Q. I am a Graduate Trainee Engineer. I was looking for job after my graduation and got a job after 6 months. In the beginning I didn’t get the job as per my wish. But there was a sudden change in my career. In the same job I was called by my vice president and he told me to work with the president of the company. Now I find myself to be in a satisfied position. I want to ask you what extra or what else I can do to win his heart. And I look forward to be in touch with him and I expect the increment in my salary. Recently he gave me a managerial project to work on and later he told me to present it in front of the senior executives. I gave the presentation and all were happy. Please help. Your reply is very valuable for my career.

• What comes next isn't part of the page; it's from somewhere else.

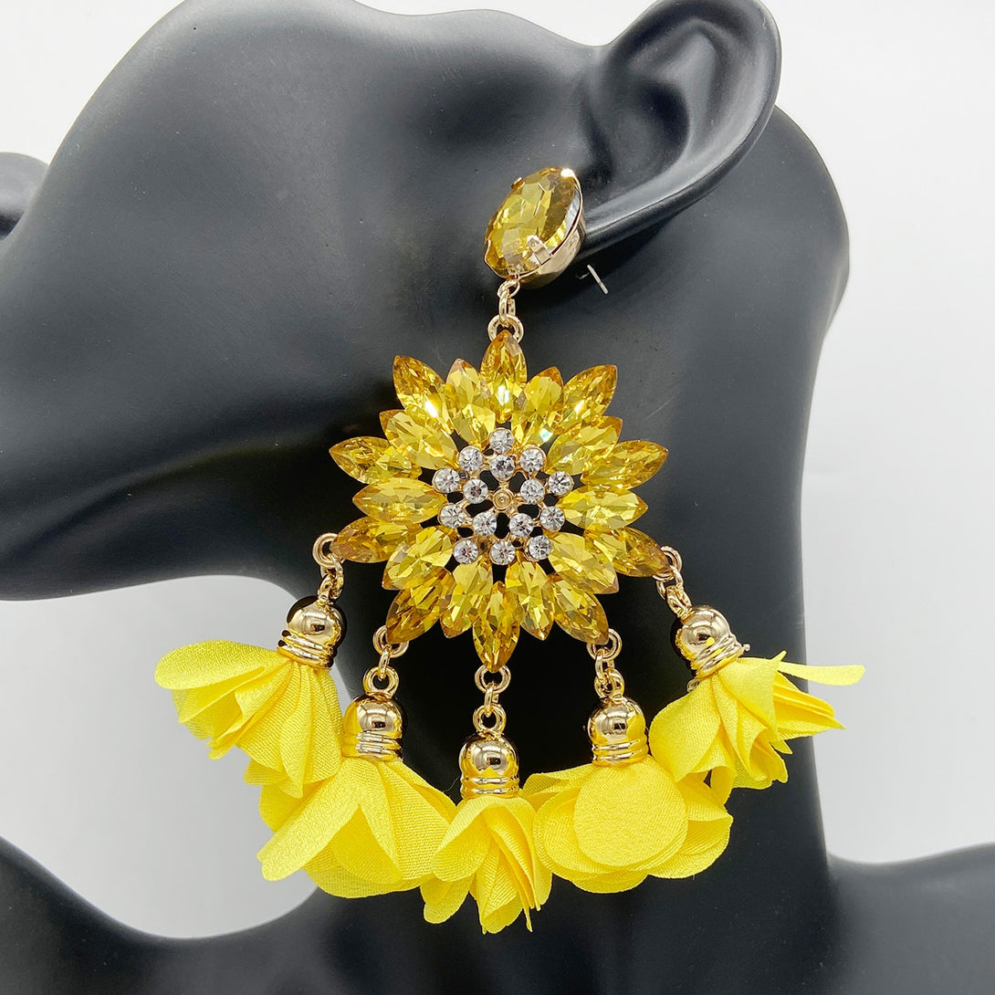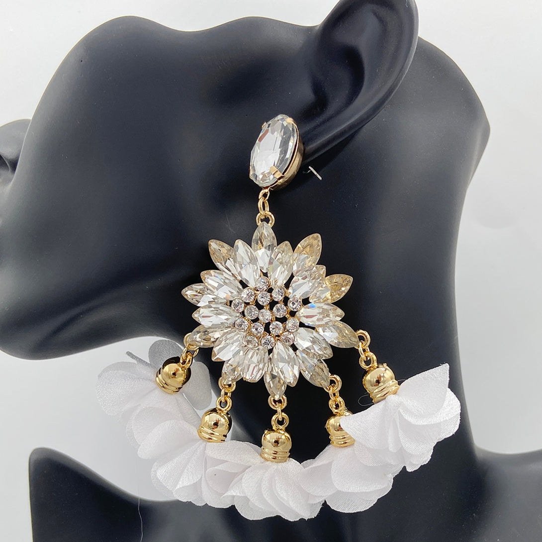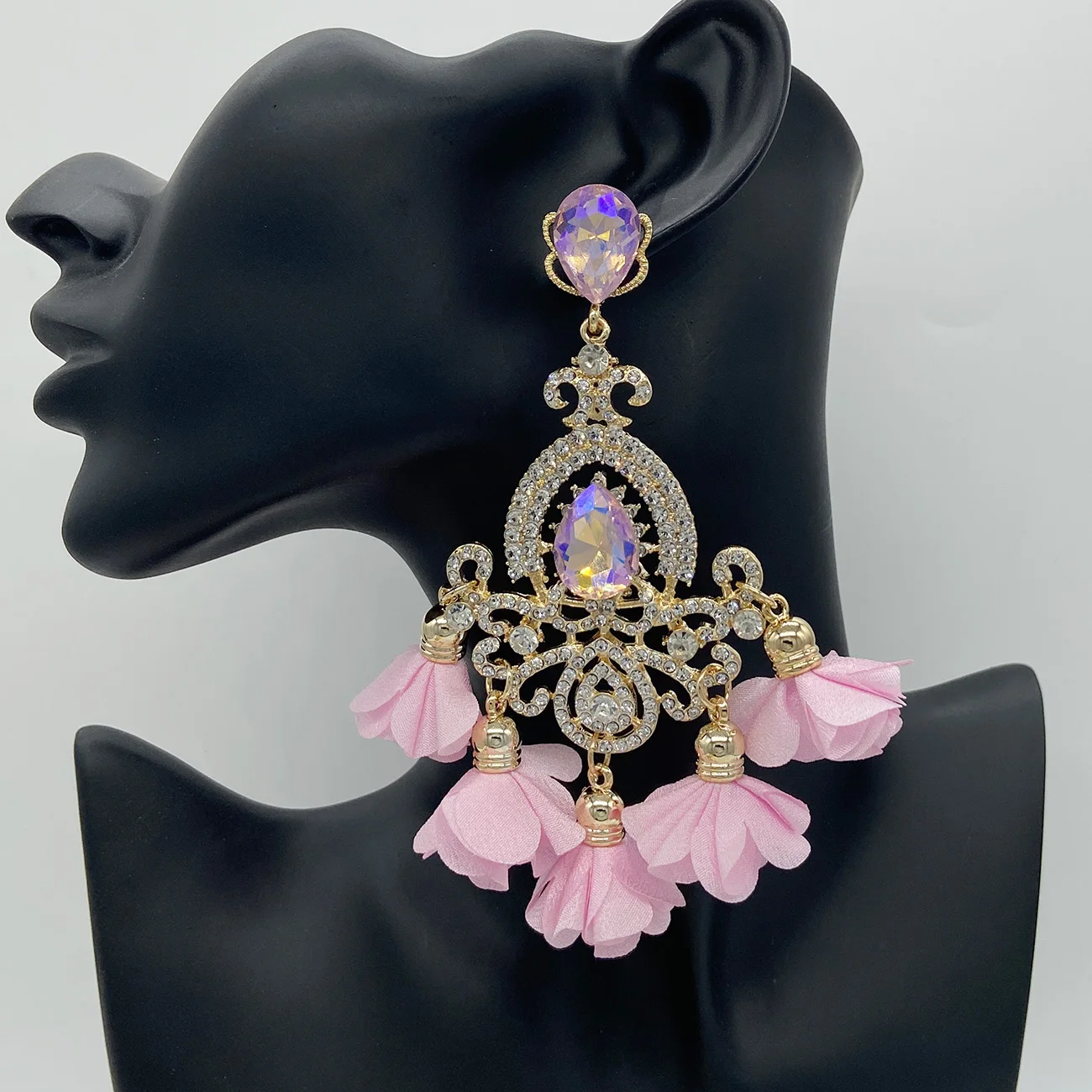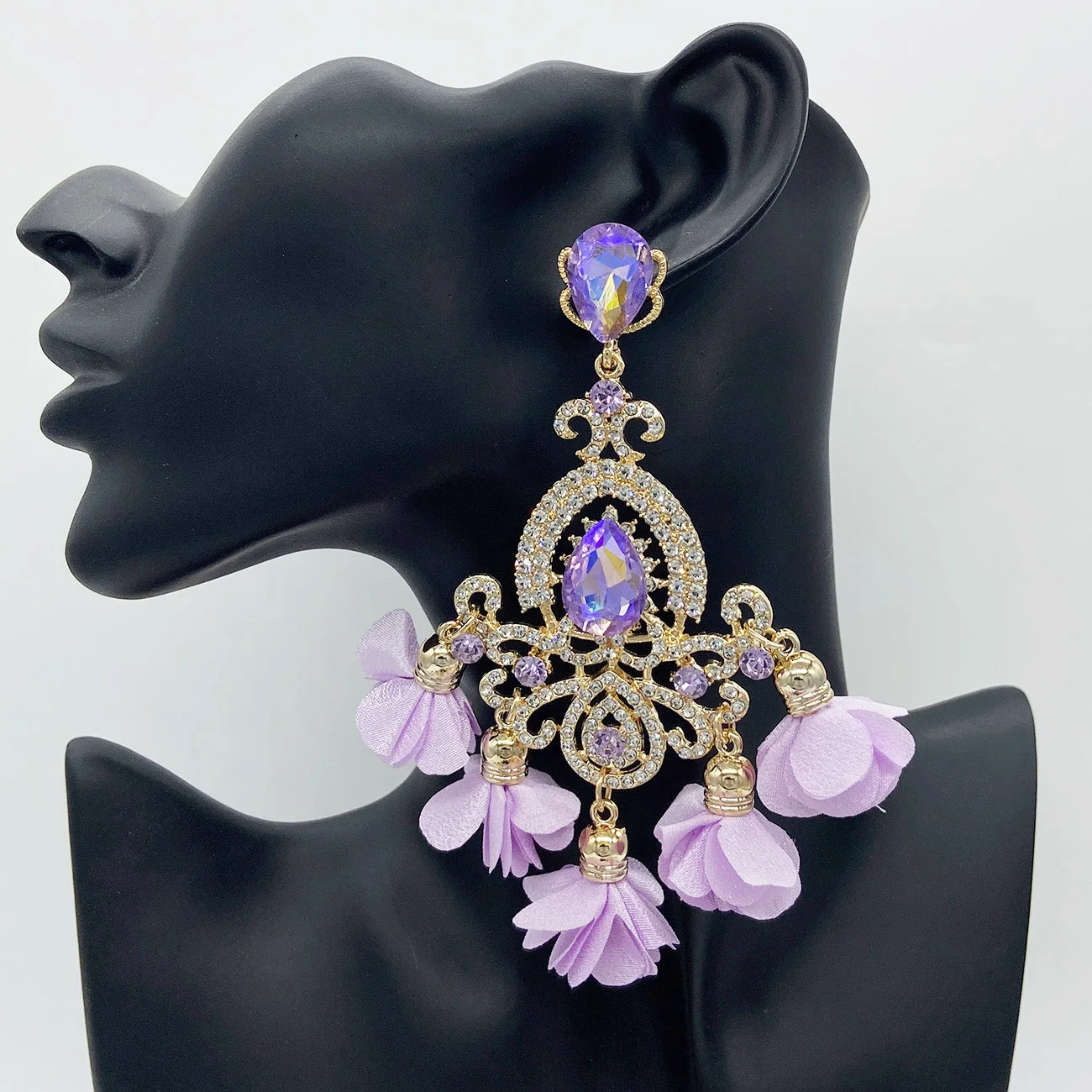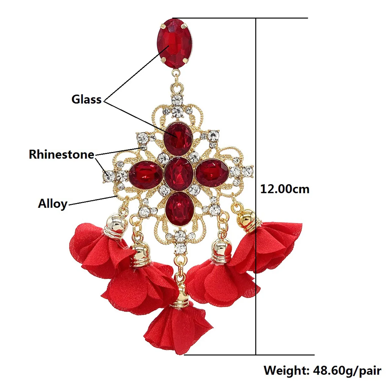 Rhinestone Jewelry-Fashion Statement Earring Long Flower Dangle Big Earrings For Women Euorpe Evening Party Crystal Tassel Earings

Ans. I must say that you are lucky to have got an opportunity like this. You are rightly concerned about managing your position well so that you do justice to the job. This shows your correct attitude towards your career. You will go a very long way with this attitude. It would be important to know the purpose of your appointment for this position- there must be a role you have to play and you might the talent to fulfil that role. If you are able to understand and fulfil that job role your goal will be clear and that will serve your purpose. Of course this position also requires good soft skills. It might be a bit of a balancing act to manage all three things- the president, your colleagues and yourself. Focus on all three simultaneously with a priority on the president. Control your emotions, remain calm in all conditions, be humble and well behaved with all and do not rub people on the wrong side for there are likely to be jealous souls. You could keep improving your social and technical skills according to your assessment of your strengths and weaknesses. Upgrading yourself and adding value to your abilities will increase your competencies.

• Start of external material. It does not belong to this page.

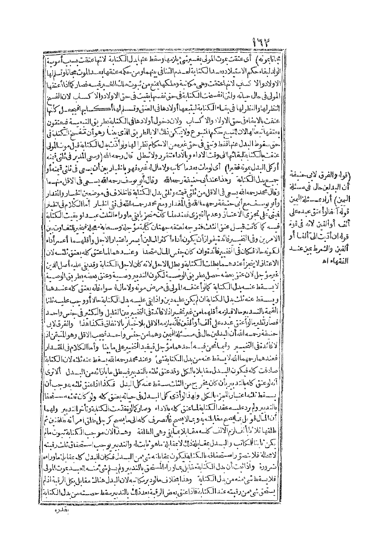 وَفِي التَّخْيِيرِ فَائِدَةٌ لِجَوَازِ أَنْ يَكُونَ أَدَاءُ أَكْثَرِ الْمَالَيْنِ أَيْسَرَ بِاعْتِبَارِ الْأَجَلِ وَأَقَلُّهُمَا أَعْسَرَ أَدَاءً لِكَوْنِهِ حَالًّا فَكَانَ فِي التَّخْيِيرِ فَائِدَةٌ وَإِنْ كَانَ جِنْسُ الْمَالِ مُتَّحِدًا وَعِنْدَهُمَا لَمَّا عَتَقَ كُلُّهُ بِعِتْقِ ثُلُثِهِ؛ لِأَنَّ الْإِعْتَاقَ لَا يَتَجَزَّأُ عِنْدَهُمَا بَطَلَتْ الْكِتَابَةُ وَبَطَلَ الْأَجَلُ؛ لِأَنَّهُ كَانَ لِأَجْلِ الْكِتَابَةِ وَقَدْ بَقِيَ عَلَيْهِ أَصْلُ الدِّينِ غَيْرَ مُؤَجَّلٍ؛ لِأَنَّ عِتْقَ بَعْضِهِ حَصَلَ بِطَرِيقِ الْوَصِيَّةِ لِكَوْنِ التَّدْبِيرِ وَصِيَّةً وَعِتْقُ بَعْضِهِ بِطَرِيقِ الْوَصِيَّةِ لَا يُسْقِطُ عَنْهُ بَدَلَ الْكِتَابَةِ كَمَا لَوْ أَعْتَقَهُ الْمَوْلَى فِي مَرَضِ مَوْتِهِ وَلَا مَالَ لَهُ سِوَاهُ فَإِنَّهُ يَعْتِقُ كُلُّهُ عِنْدَهُمَا وَيَسْقُطُ عَنْهُ ثُلُثُ بَدَلِ الْكِتَابَةِ إنْ لَمْ يَكُنْ عَلَيْهِ دَيْنٌ وَإِذَا بَقِيَ عَلَيْهِ بَدَلُ الْكِتَابَةِ حَالًّا أَوْ وَجَبَ عَلَيْهِ ثُلُثَا الْقِيمَةِ بِالتَّدْبِيرِ حَالًّا فَيَلْزَمُهُ أَقَلُّهُمَا مِنْ غَيْرِ تَخْيِيرٍ؛ إذْ لَا فَائِدَةَ فِي التَّخْيِيرِ بَيْنَ الْقَلِيلِ وَالْكَثِيرِ فِي جِنْسٍ وَاحِدٍ فَصَارَ نَظِيرَ مَا لَوْ أَعْتَقَ عَبْدَهُ عَلَى أَلْفٍ أَوْ أَلْفَيْنِ فَإِنَّهُ يَلْزَمُهُ الْأَقَلُّ بِلَا خِيَارٍ بِالِاتِّفَاقِ فَكَذَا هَذَا، وَالْفَرْقُ لِأَبِي حَنِيفَةَ - رَحِمَهُ اللَّهُ - أَنَّ الْبَدَلَيْنِ حَالٌّ فِي مَسْأَلَةِ الْيَمِينِ وَهُمَا مِنْ جِنْسٍ وَاحِدٍ فَيَجِبُ الْأَقَلُّ وَهُوَ الْمُتَيَقَّنُ إذْ لَا فَائِدَةَ فِي التَّخْيِيرِ وَفِيمَا نَحْنُ فِيهِ أَحَدُهُمَا مُؤَجَّلٌ فَيُفِيدُ التَّخْيِيرَ عَلَى مَا بَيَّنَّا.

Q. I wish to tell this to someone who can really get me going, but I do not really know from where to start with. Well, I had an unsatisfactory life. I was born an introvert even more negativity was added to it by the numerous diseases that I was suffering with. I was but living happily. As I grew up, slowly and steadily, I started exploring life around me and it dawned on me that I was not confident enough to talk in front of others. I hated derision but I was so slow that it was very easy for the people to make fun of me. I had no option as those persons used to be my classmates or my relatives. Even in that case, I told them many a times to stop behaving with me in such a way. They did not heed me. I became even more aggressive. But I still had no strength and I was in no way good enough to have the same behaviour with them, not that I never wanted to, but I knew not how to. All these things lowered my self esteem. My idiocy started increasing and I started showing more queer behaviour. This made them even happier as they started getting more chances of having fun with me. I had no option and tolerated their impudence. My school life passed and I went into an engineering college where I once again met the same old friends. They had relatives to family to strangers and for that matter even any shop owner who I know that would not say a word to me till I am really idiotic. I had been suffering this fear from years and though I have worked hard to find a way out of it in vain. I wish you would be kind enough suggest me ways to come out of it. I feel utterly insensitive these days.
Ans. Life is generally harsh for all but some- times it is harsher for a few. You seem to have borne all the suffering well enough to pass your graduation in engineering. That shows your strength of mind- you need not fear anything now that you are grown up. Building a good career, focusing on developing extra skills in technical areas and soft skills will help you gain your confidence in self. Being an introvert is fine – there is no need to become extroverted. The one thing that is needed is to be competent, bold, assertive, and dedicated to your work. If there are irrational fears that bother you then counselling would be recommended. There could be more to your problem than the obvious.